Line_Break property value H2, Hangul LV Syllable

H3 = 'H3'

Line_Break property value H3, Hangul LVT Syllable

HL = 'HL'

Line_Break property value HL, Hebrew Letter

HY = 'HY'

Line_Break property value HY, Hyphen

ID = 'ID'

Line_Break property value ID, Ideographic

IN = 'IN'

Line_Break property value IN, Inseparable

IS = 'IS'

Line_Break property value IS, Infix Numeric Separator

JL = 'JL'

Line_Break property value JL, Hangul L Jamo

JT = 'JT'

Line_Break property value JT, Hangul T Jamo

JV = 'JV'

Line_Break property value JV, Hangul V Jamo

LF = 'LF'

Line_Break property value LF, Line Feed

NL = 'NL'

Line_Break property value NL, Next Line

NS = 'NS'

Line_Break property value NS, Nonstarter

NU = 'NU'

Line_Break property value NU, Numeric

OP = 'OP'

Line_Break property value OP, Open Punctuation

PO = 'PO'

Line_Break property value PO, Postfix Numeric

PR = 'PR'

Line_Break property value PR, Prefix Numeric

QU = 'QU'

Line_Break property value QU, Quotation

RI = 'RI'

Line_Break property value RI, Regional Indicator

SA = 'SA'

Line_Break property value SA, Complex Context Dependent (South East Asian)

SG = 'SG'

Line_Break property value SG, Surrogate

SP = 'SP'

Line_Break property value SP, Space

SY = 'SY'

Line_Break property value SY, Symbols Allowing Break After

VF = 'VF'

Line_Break property value VF, Virama Final

VI = 'VI'

Line_Break property value VI, Virama

WJ = 'WJ'

Line_Break property value WJ, Word Joiner

XX = 'XX'

Line_Break property value XX, Unknown

ZW = 'ZW'

Line_Break property value ZW, Zero Width Space

ZWJ = 'ZWJ'

ZLine_Break property value ZWJ, Zero Width Joiner

uniseg.linebreak.line_break(c: str, /) LineBreak

Return the Line_Break value assigned to the code point c.

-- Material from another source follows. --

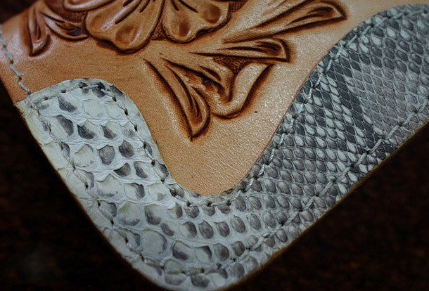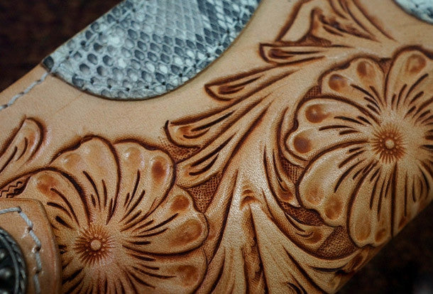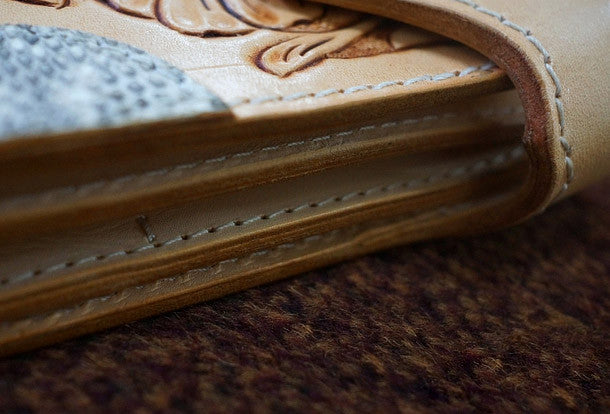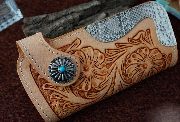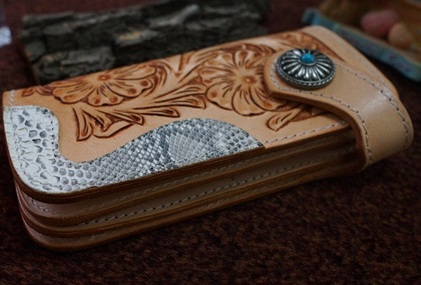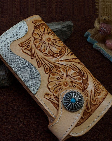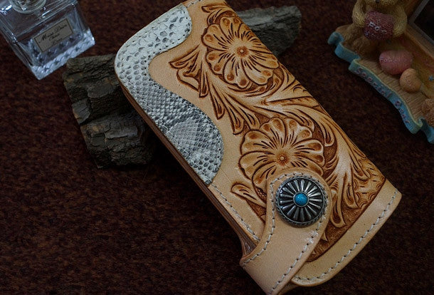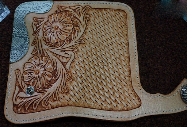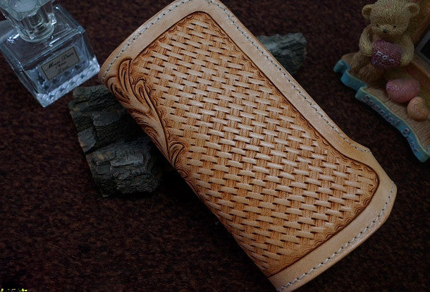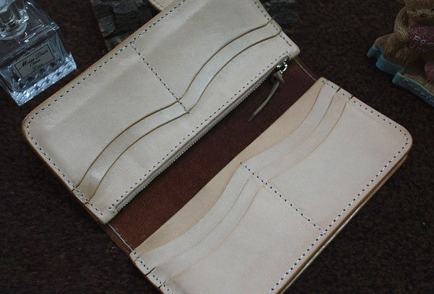 This is handmade natural Italian Vegetable Tanned leather long floral carved biker wallet purse clutch for men.The wallet is bifold,color is beige.There are 3?full size bill slots/holders, 10?ID/credit card slots/holders, 1 zip coin slot/holder~Hand-made in the traditional method with punched holes and saddle stitching by hand.

c must be a single Unicode code point string.

>>> line_break('\r')
LineBreak.CR
>>> line_break(' ')
LineBreak.SP
>>> line_break('1')
LineBreak.NU
>>> line_break('᭄') # (== '\u1b44')
LineBreak.VI
>>> line_break('𐀀') # U+10000, LINEAR B SYLLABLE B008 A
LineBreak.AL
uniseg.linebreak.line_break_boundaries(s: str, /, *, property: ~collections.abc.Callable[[str], ~uniseg.unicodeproperty._T] = <function line_break>, tailor: ~collections.abc.Callable[[str, ~collections.abc.Iterable[~typing.Literal[0, 1]]], ~collections.abc.Iterable[~typing.Literal[0, 1]]] | None = None) Iterator[int]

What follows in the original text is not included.